Jeszcze zanim wejdziemy do sanktuarium w Pompejach i oddamy się kontemplacji ołtarzy, fresków i obrazów, które licznie zdobią kościół, zatrzymajmy się przed jego wspaniałą fasadą. To dzieło nadaje świątyni wyjątkowy charakter. W poprzednich odcinkach zwracaliśmy uwagę na okazałą dzwonnicę, którą ukończono w 1925 r., oraz na ołtarz św. Józefa, który został odsłonięty dużo wcześniej, bo już w 1890 roku. W tym samym roku Leon XIII uznał cuda Matki Bożej Pompejańskiej i mianował Bartola Longa i Mariannę de Fusco zarządcami świątyni. W tym okresie Bartolo Longo podjął decyzję o upiększeniu kościoła fasadą. Adwokat twierdził, że dekoracje i wyposażenie świątyni poświęconej Maryi nie powinny być drugorzędnej wartości w porównaniu z innymi kościołami, które miał okazję zwiedzić. Pomysł wykonania fasady wynikał też z dotychczasowego problemu architektonicznego: kościół projektowano dla małej wspólnoty mieszkańców Pompejów. Jednak napływ pielgrzymów, powodowany wielkim rozgłosem, wymuszał powiększenie budynku. Tak więc decyzja o budowie fasady łączyła się z rozbudową całego kościoła. Projektu fasady podjął się Giovanni Rispoli i w 1894 r. położono kamień węgielny pod jej budowę. W kolejnym roku złożono dokładny projekt w urzędzie miejskim. Władze nie były jednak przychylne Bartolowi, bo w tym samym czasie obłożono podatkami dzieła miłosierdzia oraz materiały budowlane… Nagle się okazało, że koszty będą wyższe, niż zakładano.

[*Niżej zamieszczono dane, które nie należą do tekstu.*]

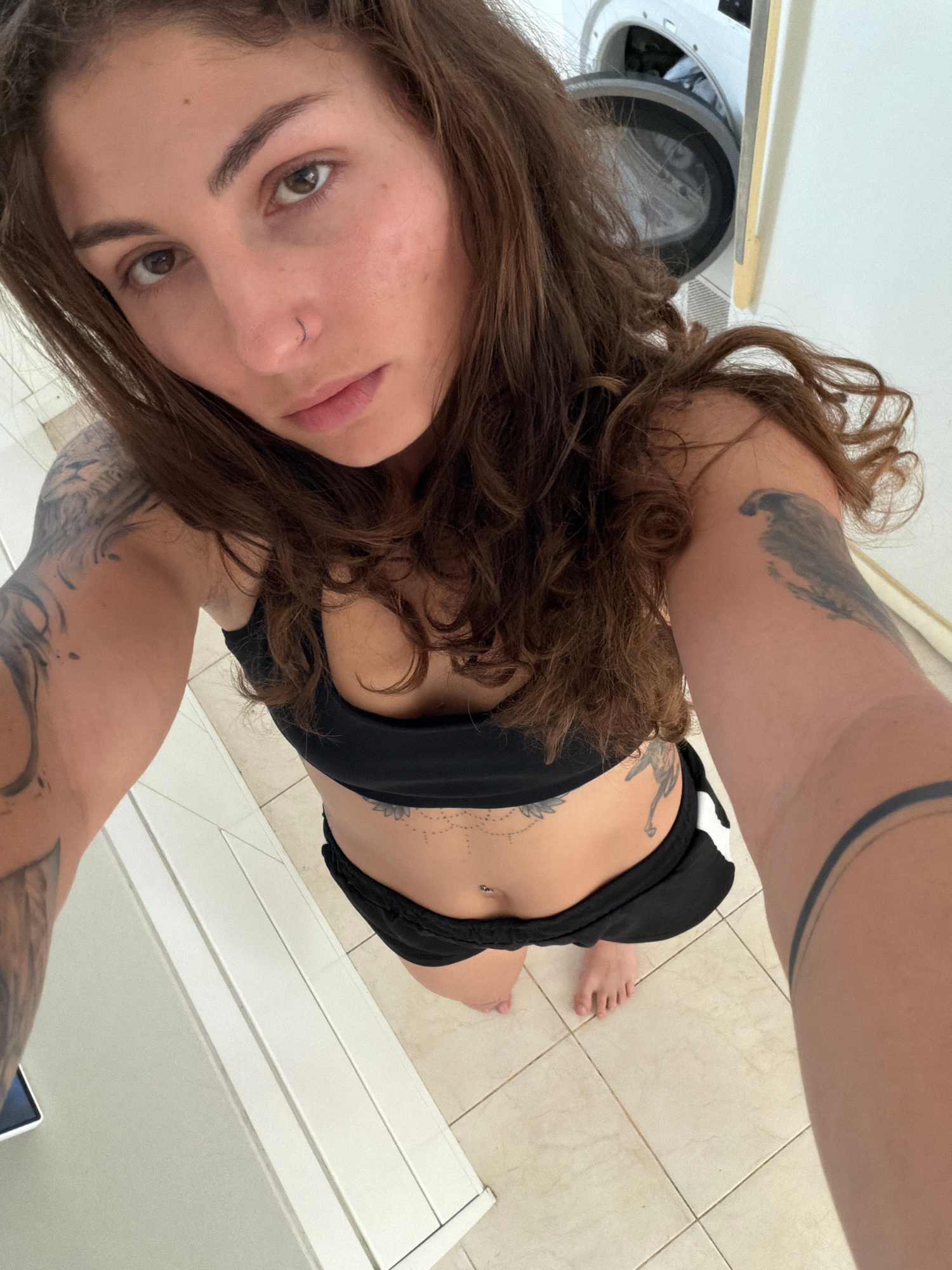A woman with brown hair, visible tattoos on her arms and torso, and a nose ring is positioned indoors, possibly in a laundry room or utility area. She is wearing a black top and shorts. A washing machβ¦read more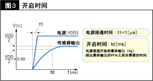 「開啟時間」是指接通電源后,在元件變?yōu)镺N狀態(tài)之前所需耗費的時間。圖3即是用圖表形式來表示到達(dá)最終輸出的99%之前所需要的時間。
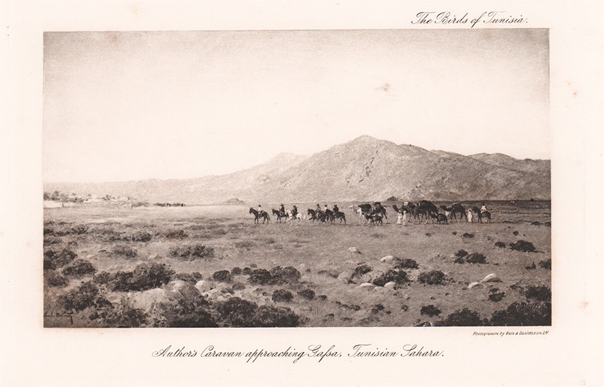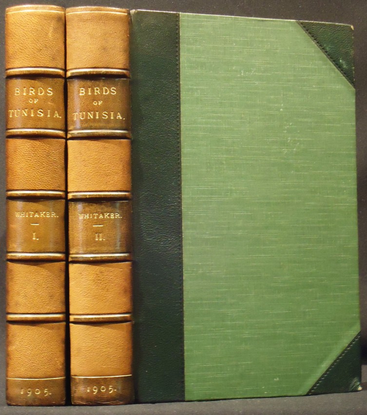 2 volumes: 294 + 410 pages, frontispieces volume 1 - author's caravan approaching Gafsa, volume 2 - author's encampment in the Tunisian Sahara, 2 black and white plates, 15 hand-coloured lithographs by H.Grönvold, 2 folding colour maps, uncut edges, top edges gilt, several pages unopened, foxing mainly on the page edges, half green morocco with matching cloth boards, spines gilt and faded to brown, a very good set.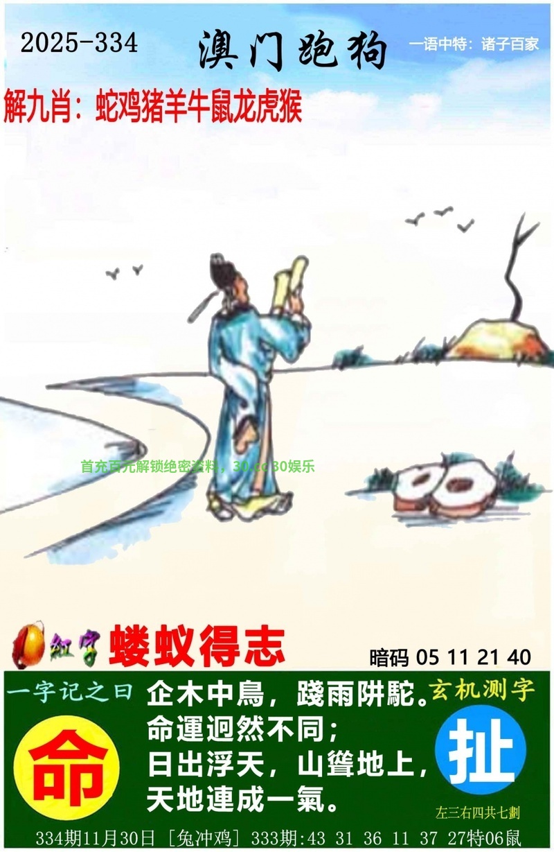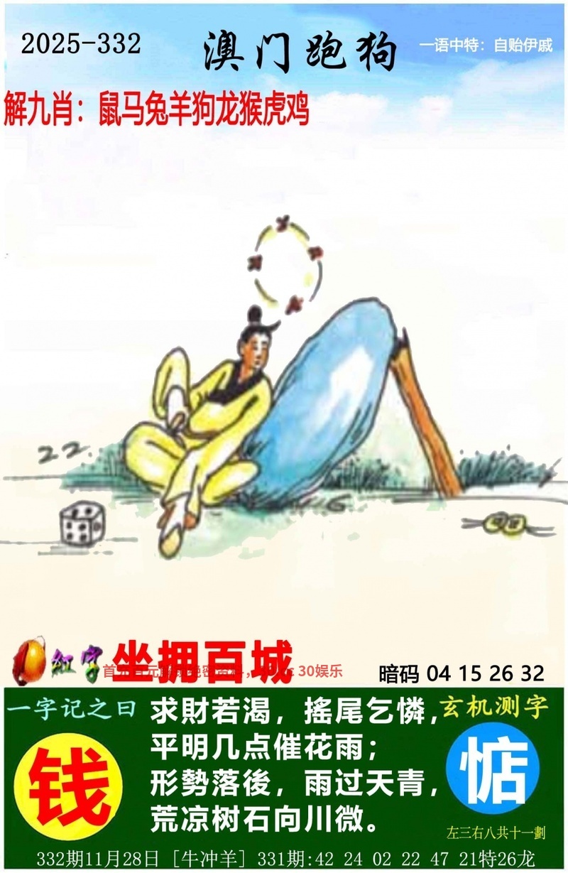 336期一字記之曰:【姚】金銀財足:摇頭擺尾,玩世不恭。半空回首晨鸡弄。形影相吊,依然自在。冠带郎君颜貌古。玄機測字:《玩》 解:摇頭擺尾,小肖:鼠兔龙蛇猴鸡。 综合取肖:鼠兔龙蛇猴鸡 ![]() |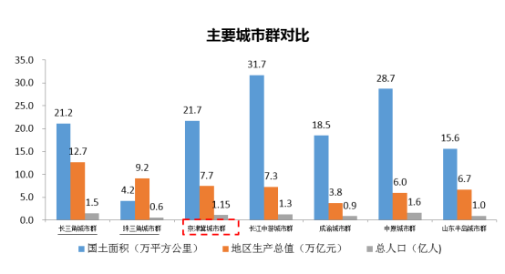 京津冀城市群国土面积21.72万平方公里,占全国的2.25%; 地区生产总值7.7万亿元,占全国的10.35%;常住人口1.15万亿人,占全国的8.31%。京津冀城市群与我国其余两个世界级城市群对比,国土位居首位,人口适中,但地区生产总值最低。这种差距不仅体现在经济总量数据上,区域间城市发展水平不均衡等问题。
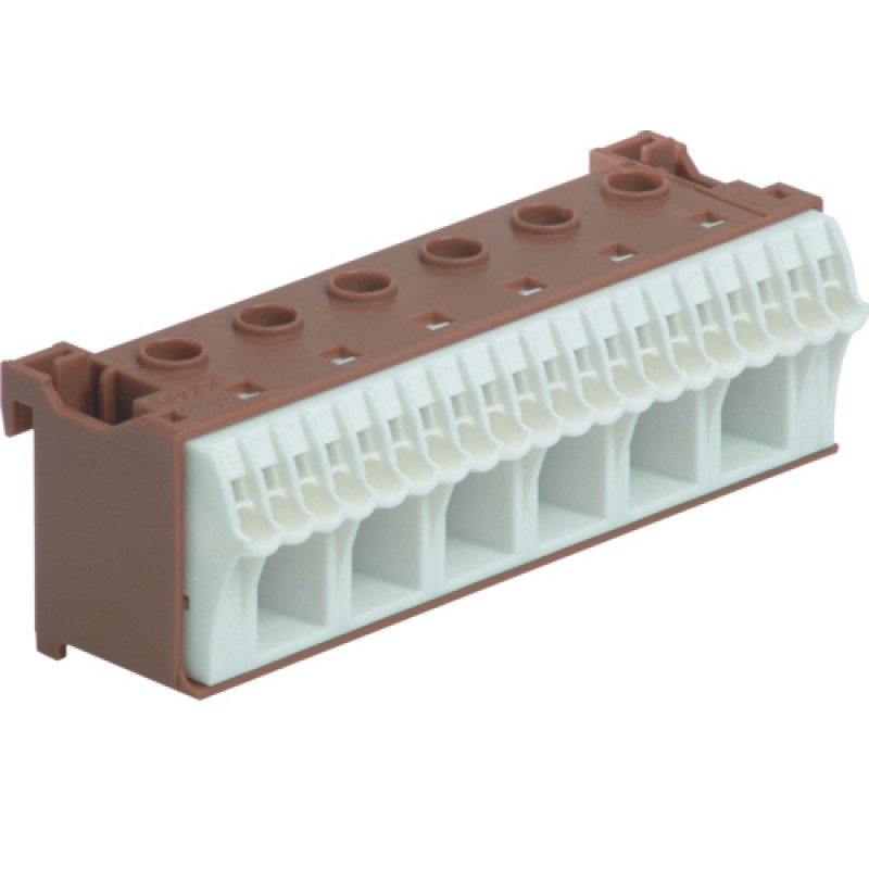 Culoare : maro Conexiuni : cupru 20x1.5-4mmp + 6x4-16mmp Conectare rapida-Quick Connect Se fixeaza in tablou pe sina omega, cu ajutorul adaptorului KN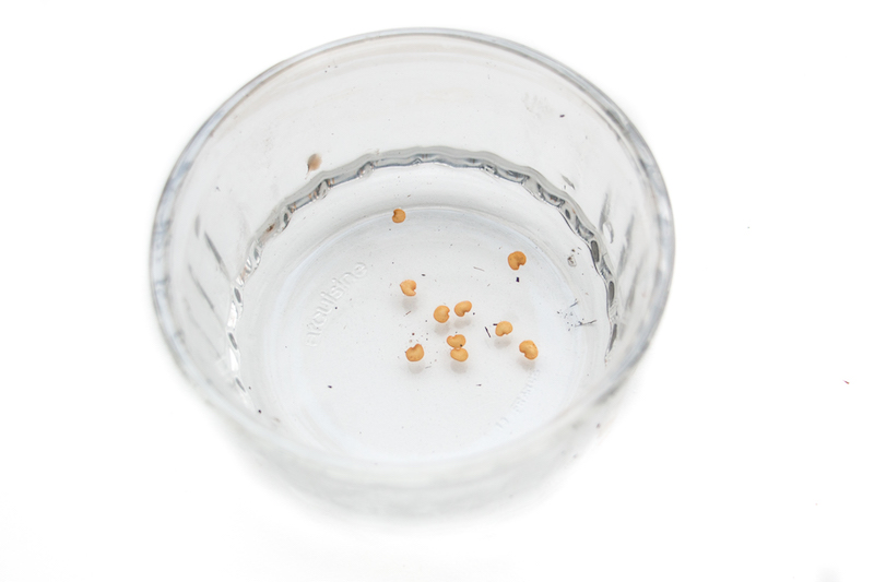 Ein Blitztest, um die Keimfähigkeit zu bestimmen, ist der Schwimmtest. Ein paar Samen in ein Gefäss mit Wasser geben.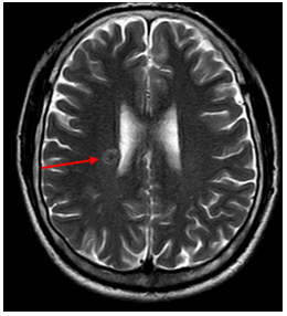 Hình 4. Trên phim chụp MRI sọ não: Rải rác trong nhu mô trên và dưới lều có các nốt ngấm thuốc, lớn nhất vị trí cạnh não thất bên bên phải đường kính ~11mm – Theo dõi tổn thương thứ phát

Nie osłabiło to jednak zapału zarządców. Postanowiono zebrać dodatkowe środki. Czasem da się słyszeć głosy, że niepotrzebnie buduje się okazałe kościoły, skoro pieniądze można przeznaczyć na ubogich. Zarzut ten byłby całkowicie chybiony w stosunku do Bartola Longa. Otóż równocześnie z upiększaniem sanktuarium pompejańskiego kładziono nacisk na rozbudowę inicjatyw społecznych. W roku, kiedy położono kamień węgielny pod fasadę, otworzono także dwie nowe sale dla dzieci więźniów, których było już 40. Powiększono sierociniec, w którym odtąd otaczano opieką ok. stu dziewcząt. Liczba przyjmowanych dzieci stale rosła. Przypomnijmy, że często trafiały do pompejańskich domów opiekuńczych wprost z ulicy. Aby zapewnić im edukację i opiekę, otworzono szkoły rzemieślnicze i stołówki.

Królowa Różańca Świętego nr 43Zamów to wydanie "Królowej Różańca Świętego"!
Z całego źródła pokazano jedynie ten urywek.